Nesse sentido, o apoio da população foi fundamental. O balanço de agosto da adesão ao bônus para quem economiza água revela que 76% dos clientes da Sabesp na Grande São Paulo conseguiram diminuir seu consumo em relação à meta estabelecida. Foram 51% dos imóveis com redução acima de 20% – e, portanto, com direito ao bônus – e outros 25% com diminuição no consumo, mas sem atingir a meta. Além do benefício financeiro, a adesão da população gerou uma economia de 3.900 litros de água por segundo. É o volume que deixou de ser consumido com o uso racional feito pelos moradores. São mais de 10 bilhões de litros de água potável que deixaram de ser consumidos em todo o mês de agosto.

O combate às perdas físicas dos sistemas de abastecimento também teve grande contribuição. Para evitar o desperdício em Tóquio, onde as perdas são de 5% – o menor índice mundial -, foram necessários cinquenta anos de fortes investimentos. A perda física na Região Metropolitana de São Paulo, para o mesmo indicador, é de 18%, semelhante à verificada para a Grande Londres, cujas condições urbanas também não mostram similaridade com a nossa situação, de convívio com bolsões de pobreza e uma estimativa de 3 milhões de moradores de favelas e loteamentos precários apenas na cidade de São Paulo.
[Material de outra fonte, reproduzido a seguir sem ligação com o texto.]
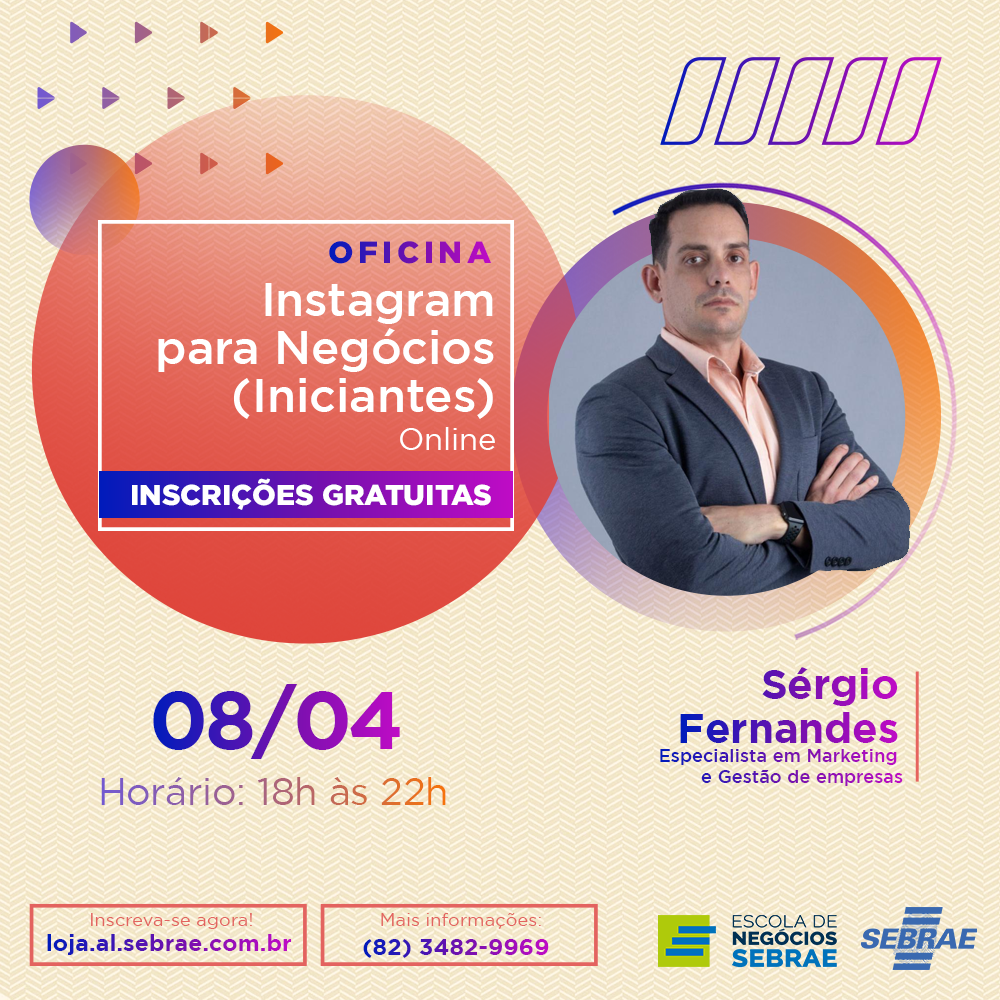 As inscrições para a ‘Oficina Instagram para Negócios – Iniciantes’ são gratuitas e podem ser feitas podem ser feitas pela Loja Virtual do Sebrae Alagoas por meio do link: https://loja.al.sebrae.com.br/loja/evento/132105828-instagram-para-negocios-iniciantes.

Para o futuro, o stress hídrico sem precedentes traz a necessidade de ideias novas, pertinentes a estratégias de fôlego, muito além de esquemas de explicação administrativa. Destacamos três pontos.
Primeiro, o setor de saneamento em São Paulo deverá manter investimentos simultâneos em abastecimento de água e em esgotamento sanitário. Esta simultaneidade não se verificou em metrópoles de países desenvolvidos onde, além disso, a evolução urbana distribuiu-se por um período de tempo muito maior. Entre nós, o crescimento foi exponencial, em prazo curto e, além disso, saímos de patamares muito baixos de atendimento com os serviços de saneamento, se consideramos as décadas de 1950, 1960 ou mesmo a década de 1970.
Segundo ponto: será também necessário investir em maior segurança hídrica, um imperativo para todo o Estado. O estudo de abastecimento da Macrometrópole de São Paulo é documento qualificado para a identificação das possibilidades e dos caminhos a percorrer neste sentido: como garantir água, em regime de segurança, para o mais importante território urbano e econômico brasileiro. Será adequado, entretanto, que as suas proposições sejam revisadas em valores e urgência em função das novas simulações hidrológicas que tomarão a situação atual como a mais aguda crise de referência. Bem a propósito, o estudo da Macrometrópole esclarece a obrigatoriedade de reservatórios de regularização, inclusive na bacia dos rios Piracicaba-Capivari-Jundiaí, onde duas barragens novas a serem construídas deverão corrigir – aí sim – uma situação anômala.

Finalmente, o planejamento da Sabesp também considerará a crise hídrica atual e será orientado para a criação de capacidade ociosa maior nos sistemas de produção de água – isto implicará um adicional importante de investimento aos níveis já dispendidos atualmente. No entanto, o conjunto das exigências pode fazer parecer que “a conta de recursos não fechará”, isto é, elas se tornariam, numa primeira análise, superior à nossa capacidade atual de investimento. Há, todavia, condições razoáveis de fazer com que “a conta feche”, sem qualquer alteração relevante da tarifa a ser cobrada da população. Basta que se reduza a carga tributária que onera as empresas de saneamento, especialmente depois da criação do Cofins. Tomemos um exemplo ilustrativo: o investimento no novo sistema produtor São Lourenço, ora em andamento, e que acrescentará 5,0 m³/segundo ao abastecimento da Região Metropolitana de São Paulo, custará cerca de R$ 2,2 bilhões de reais – as vazões serão trazidas de uma distância
de 100 km, vencendo um desnível superior a 300 metros.

A Sabesp pagou R$ 700 milhões apenas de Cofins no exercício de 2013. Em resumo: três anos de Cofins pagam integralmente o Sistema São Lourenço.